The concept of the likelihood function is the same as for models with a single unknown parameter. If \(\{x_1, x_2, \dots, x_n\}\) is a random sample from a discrete distribution with probability function \(p(x\;|\; \theta, \phi)\), the likelihood function gives the probability of getting the observed data for any values of the parameters.
\[ L(\theta, \phi \; | \; x_1, x_2, \dots, x_n) \;\;=\;\; p(x_1, x_2, \dots, x_n \;| \; \theta, \phi) \;\;=\;\; \prod_{i=1}^n {p(x_i\;|\; \theta, \phi)} \]For a random sample from a continuous distribution, the corresponding definition is
\[ L(\theta, \phi \; | \; x_1, x_2, \dots, x_n) \;\;=\;\; \prod_{i=1}^n {f(x_i\;|\; \theta, \phi)} \]Maximising the likelihood
Maximum likelihood again chooses the parameter values for which the observed data have the highest probability of being observed.
Definition
If a random variable \(X\) has a distribution that involves two unknown parameters, \(\theta\) and \(\phi\), the maximum likelihood estimates of the parameters are the values that maximise the likelihood function.

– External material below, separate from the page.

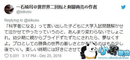 isikusu还表示,这种事很可能会给孩子带来心理创伤,产生一种「只要有一个梦想,父母就会来粉碎它」的潜意识,而孩子长大后很可能会成为那种没有动力追求梦想,很容易放弃任何事的人。他还用一种比喻来形容这件事:「就好像孩子说'我想成为一名科学家',然后你突然就去让他参加高考,他答不上来题而哭泣一样。」
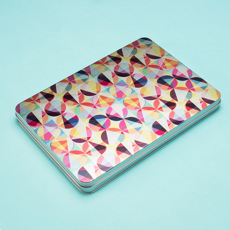Stampiamo disegni, foto o testo direttamente nel coperchio di metallo per creare la scatola di latta piatta personalizzata fatta apposta per te.

The likelihood function is usually maximised at a turning point of the likelihood function and could therefore be found by setting the partial derivatives of \(L(\theta, \phi)\) with respect to \(\theta\) and \(\phi\) to zero.
\[ \frac{\partial L(\theta, \phi)}{\partial \theta} = 0 \spaced{and} \frac{\partial L(\theta, \phi)}{\partial \phi} = 0 \]giving two equations that can be solved for \(\theta\) and \(\phi\). The parameter values that maximise the likelihood also maximise its logarithm and it is usually easier to work with the log-likelihood, \(\ell(\theta, \phi) = \log L(\theta, \phi)\), so we usually solve the equations
\[ \frac{\partial \ell(\theta, \phi)}{\partial \theta} = 0 \spaced{and} \frac{\partial \ell(\theta, \phi)}{\partial \phi} = 0 \]instead, giving identical parameter estimates.